MAMMA: Markerless Accurate Multi-person Motion Acquisition

Hanz Cuevas Velasquez^1*, Anastasios Yiannakidis^1*, Soyong Shin², Giorgio Becherini¹, Markus Höschle¹, Joachim Tesch¹, Taylor Obersat¹, Tsvetelina Alexiadis¹, Eni Halilaj², Michael J. Black¹

¹Max Planck Institute for Intelligent Systems, Tübingen ²Carnegie Mellon University

^*Equal contribution

[CVPR 2026 Oral] | arXiv | Project Page | Datasets

News

[2026-06] 🎉 MAMMA being presented at CVPR 2026
[2026-06] Code released (inference + training)

Install

git clone https://github.com/cuevhv/mamma.git
cd mamma

Full env + CUDA + weights setup: docs/INSTALL.md.

micromamba activate mamma          # or: conda activate mamma
python -m inference doctor         # verify env vars + weight paths

The pipeline is zero-config when weights live under data/.

Quick demo

Bundled 4-cam example, ~56 MB:

bash data/download_example.sh                                       # fetches videos to data/mamma_example/

python -m inference run \
  --cfg      configs/examples/presets/quick.yaml \
  --footage  data/mamma_example \
  --seq_name pushing_and_lifting_from_ground \
  --calib    configs/examples/calib/iphones_outdoors.yaml \
  --out-tag  demo -v

Outputs land under output/ma_*/demo/mamma_example/….
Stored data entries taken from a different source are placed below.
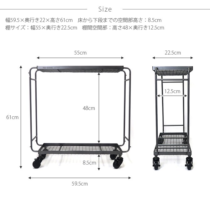 ■備考:同ブランド「ヘビーデューティーバスケットロング」サイズ対応のシェルフ型ワゴン。
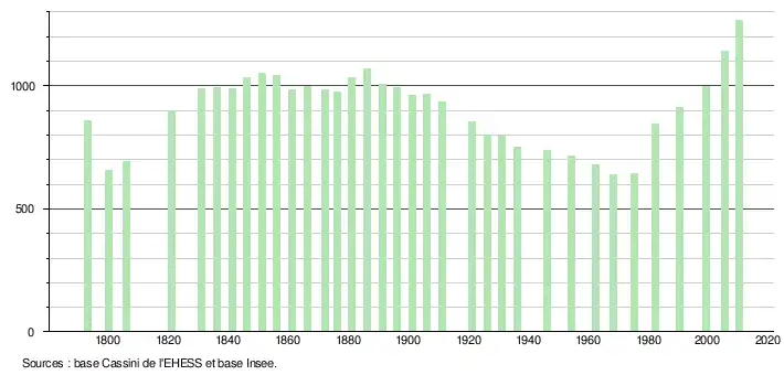 L'évolution du nombre d'habitants est connue à travers les recensements de la population effectués dans la commune depuis 1793. À partir du , les populations légales des communes sont publiées annuellement dans le cadre d'un recensement qui repose désormais sur une collecte d'information annuelle, concernant successivement tous les territoires communaux au cours d'une période de cinq ans. Pour les communes de moins de 10 000 habitants, une enquête de recensement portant sur toute la population est réalisée tous les cinq ans, les populations légales des années intermédiaires étant quant à elles estimées par interpolation ou extrapolation[4]. Pour la commune, le premier recensement exhaustif entrant dans le cadre du nouveau dispositif a été réalisé en 2005[5],[Note 1].
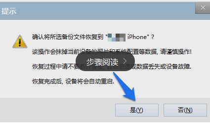6.軟件隨後會提示我們是否要恢復當前備份中的照片,數據等,點擊“是”按鈕繼續
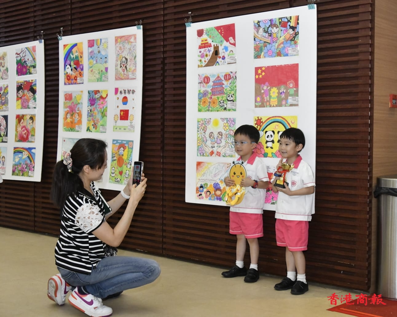「祖國的花朵」第四屆金紫荊盃全港兒童繪畫大賽由藝術香港主辦;香港河源社團總會、仁濟醫院聯合主辦機構。Mrs Bee,香港日月星文創禮品、香港島校長聯會、九龍地域校長聯會、新界校長會、香港直接資助學校議會協辦;大公報、文匯報、點新聞、中國日報香港版、中新社香港分社、香港商報、香港中通社、鏡報、知識雜誌、廣東電視台香港記者站、羊城晚報報業集團香港記者站擔任媒體支持機構。(圖:蔡啟文攝)
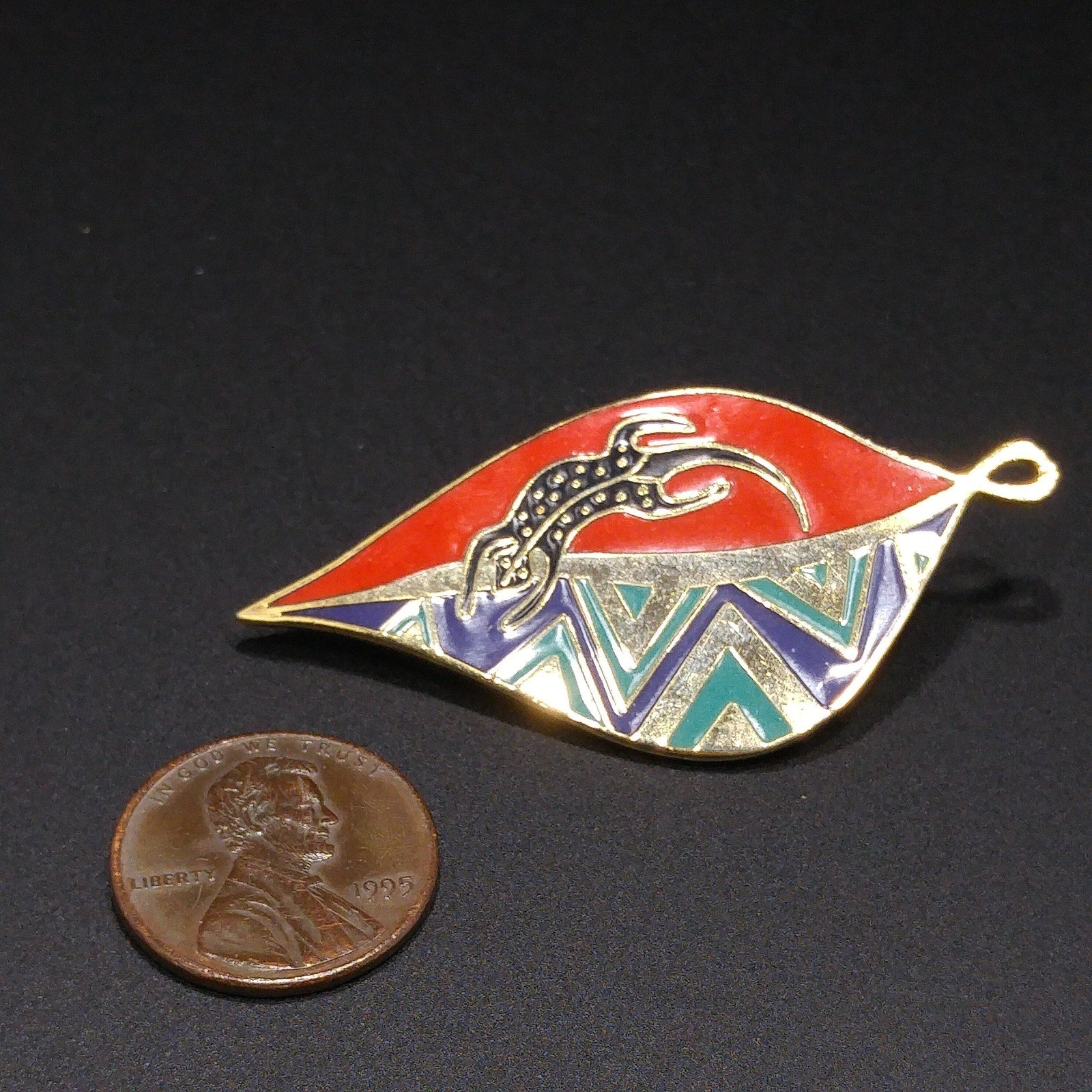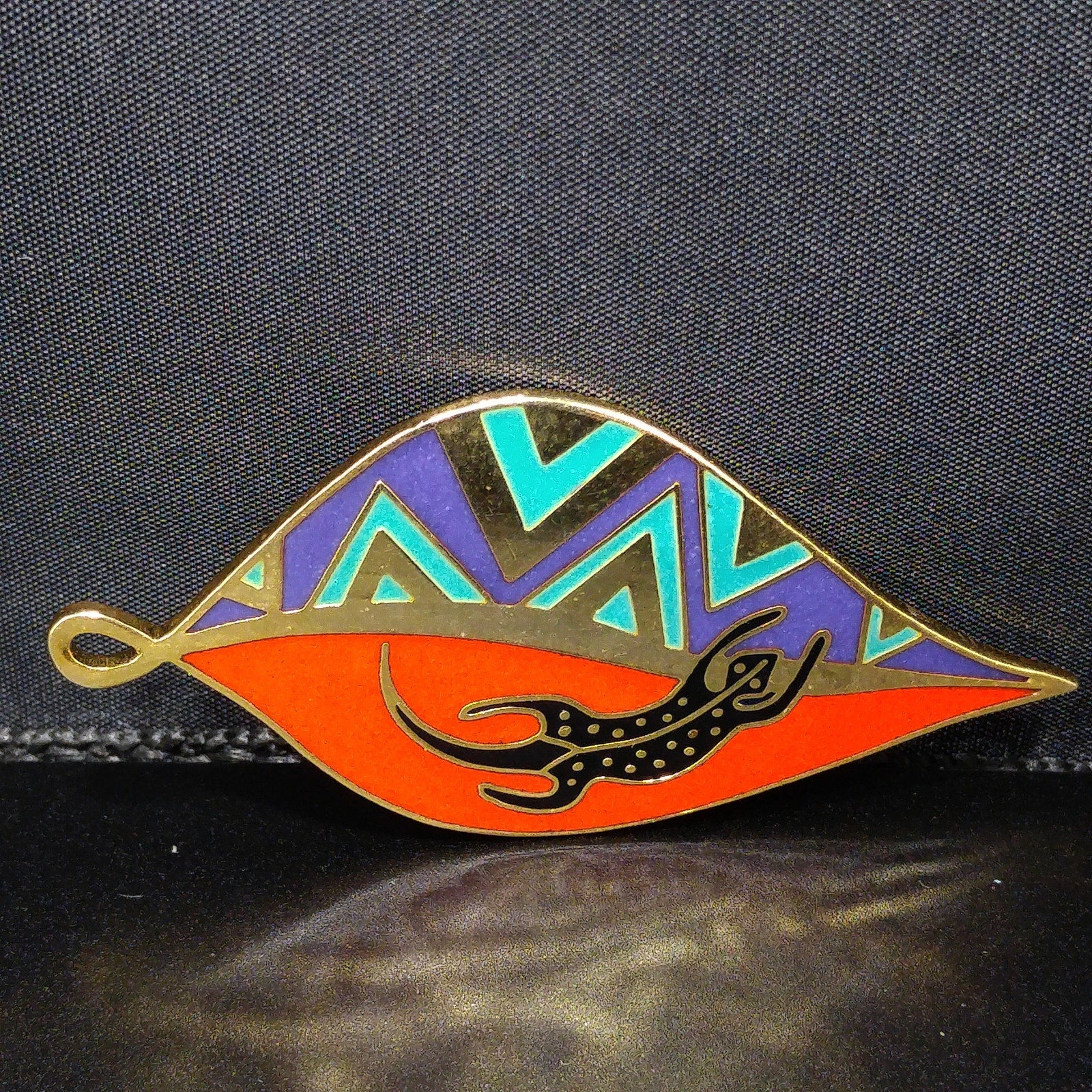 The leaf lizard brooch pendant is a great addition to your Laurel Burch vintage collection. This would be a great addition to your vintage jewelry collection or make a great vintage gift!
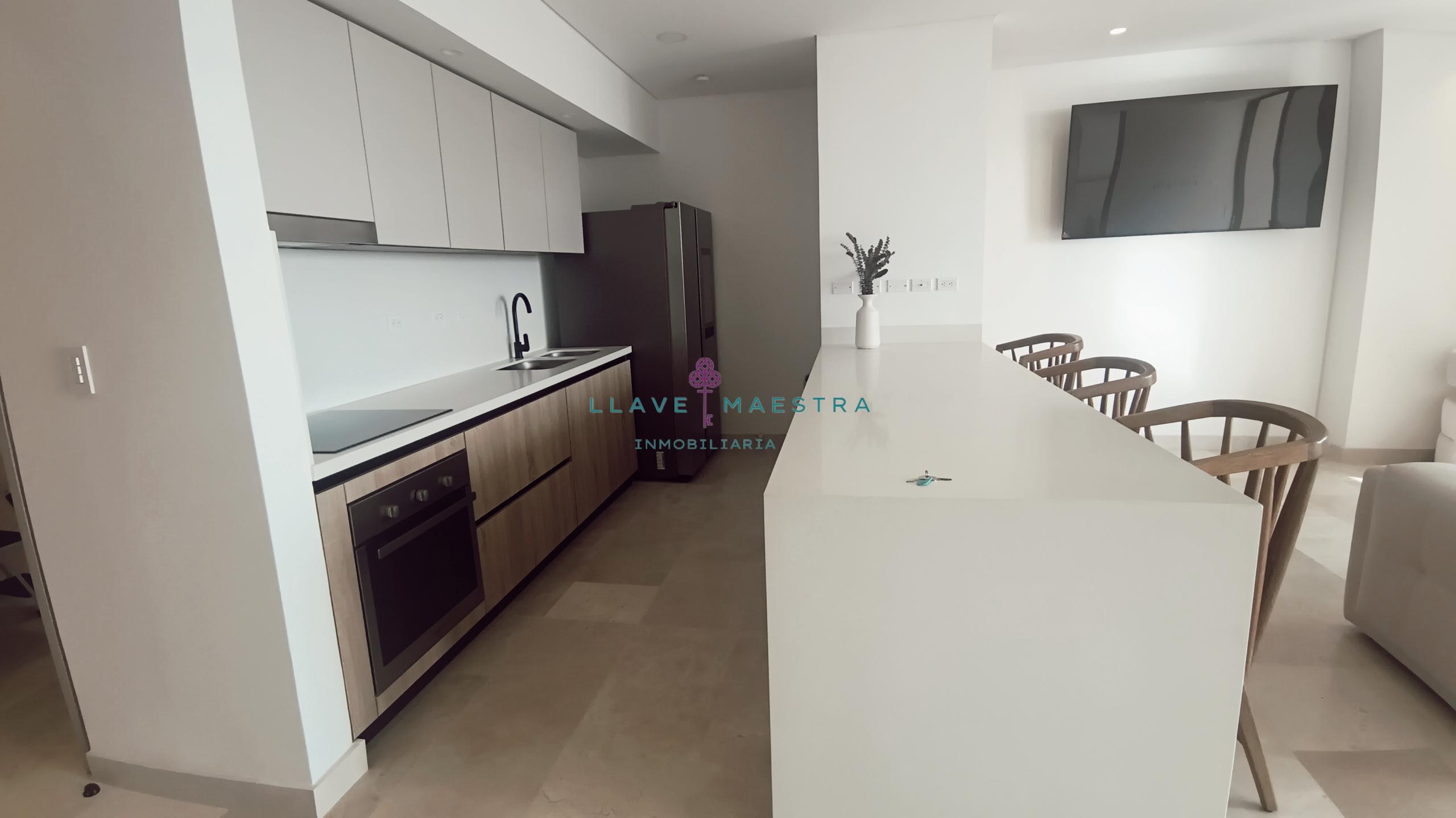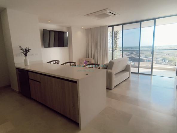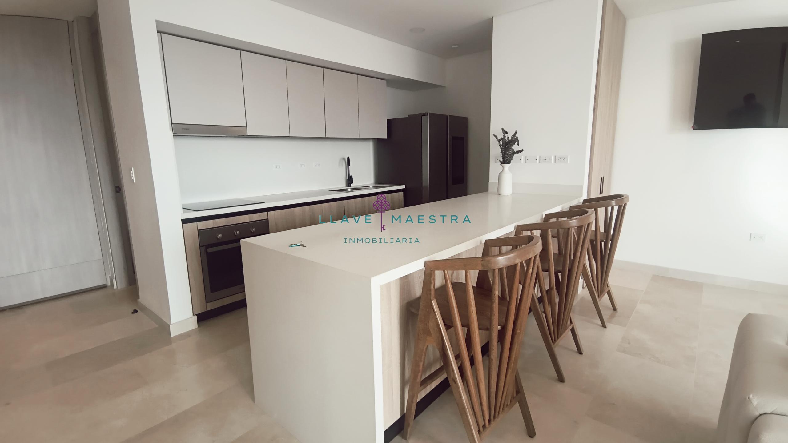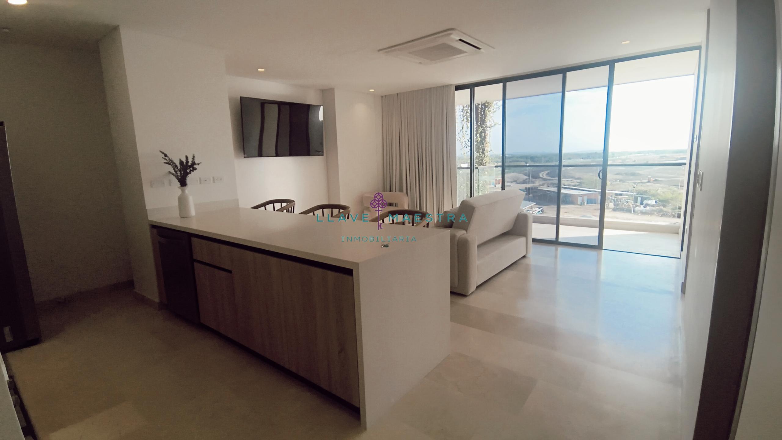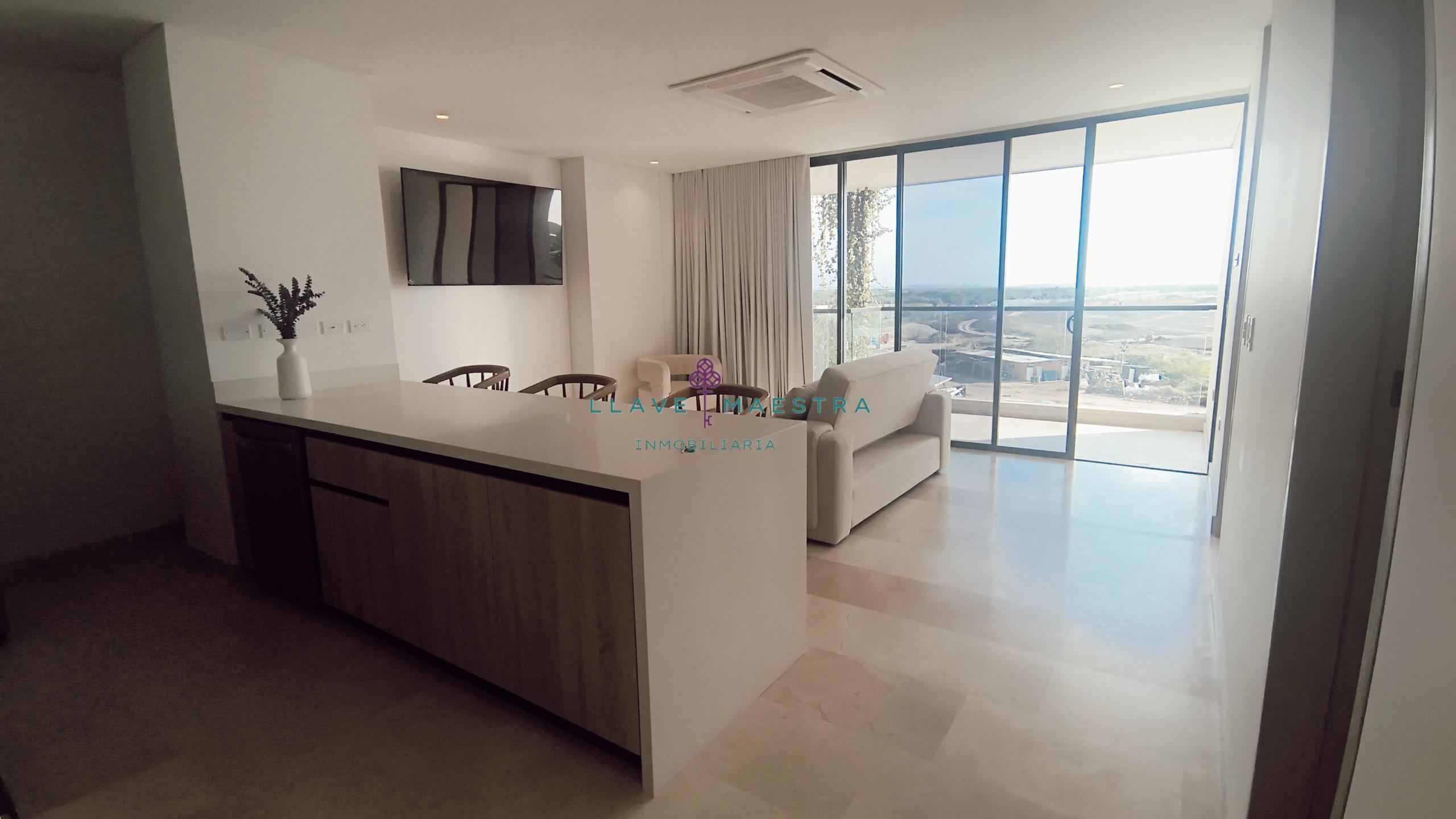 Lujoso apartamento de 85 m2 en Meraki Club & Residences, situado en Cartagena, Serena del Mar. Cuenta con un diseño moderno y sofisticado, con 1 habitación + estudio, amblado tal cual se ve en las fotos, cortinas eléctricas, una hermosa sala comedor y cuarto también con cortinas eléctricas cocina tipo americana con generoso espacio de almacenamiento, una zona de ropas independiente, y dos baños perfectamente distribuidos: uno privado en la habitación y otro para visitas.

Prefer a browser UI? Run bash gui/scripts/dev.sh, open http://localhost:3000, and click Run demo. It's the same pipeline but friendlier UX!

Pipeline

ma_cap → ma_masks → ma_2d → ma_3d → ma_vis

Step	What it does
`ma_cap`	Loads multi-view capture
`ma_masks`	Per-person segmentation (SAM + YOLO)
`ma_2d`	2D landmark detection (MammaNet)
`ma_3d`	Multi-view SMPL-X optimization
`ma_vis`	Per-camera overlays + interactive scene

Entry point: python -m inference run (source: inference/cli/run.py).

Argument	What it is
`--cfg` / `--preset`	Pipeline-configuration YAML — declares which steps run and their hyperparameters. Capture-independent. (what a preset is + how to modify one)
`--footage`	Dataset root containing sequence subdirs (use with `--seq_name` + `--calib`). (layout reference)
`--seq_name`	One sequence subdirectory name under `--footage` to process (one run = one sequence).
`--calib`	Calibration file (`.yaml` / `.xcp` / OpenCV `.json`); applies to every sequence under `--footage`. (format reference)
`--capture`	Advanced: capture JSON pointing at footage, calibration, sequences, and camera names — used to iterate over many sequences in one invocation. (schema reference)
`--out-tag`	Output sub-directory tag under `output/ma_*/<tag>/` (default: `local`).
`-v`	Verbose runner logs.

Run the pipeline

Three things are needed:

A calibration file (how to make one)
A folder with your sequence (how to set it up)
A preset — use a shipped one: configs/examples/presets/quick.yaml (~5 min smoke) or configs/examples/presets/full.yaml (full-frame). See docs/CONFIGS.md to modify or author your own.

Then:

python -m inference run \
  --cfg      <path/to/preset>.yaml \
  --footage  <path/to/footage> \
  --seq_name <seq_name> \
  --calib    <path/to/calib>.yaml \
  --out-tag  run01 -v

Alternative — iterate over many sequences in one invocation. A capture JSON enumerates sequences, cameras, and the calibration in one file; the runner walks them automatically:

python -m inference run \
  --cfg     <path/to/preset>.yaml \
  --capture <path/to/capture>.json \
  --out-tag run01 -v

GUI

Browser UI for submitting and inspecting runs. It uses the same mamma python env.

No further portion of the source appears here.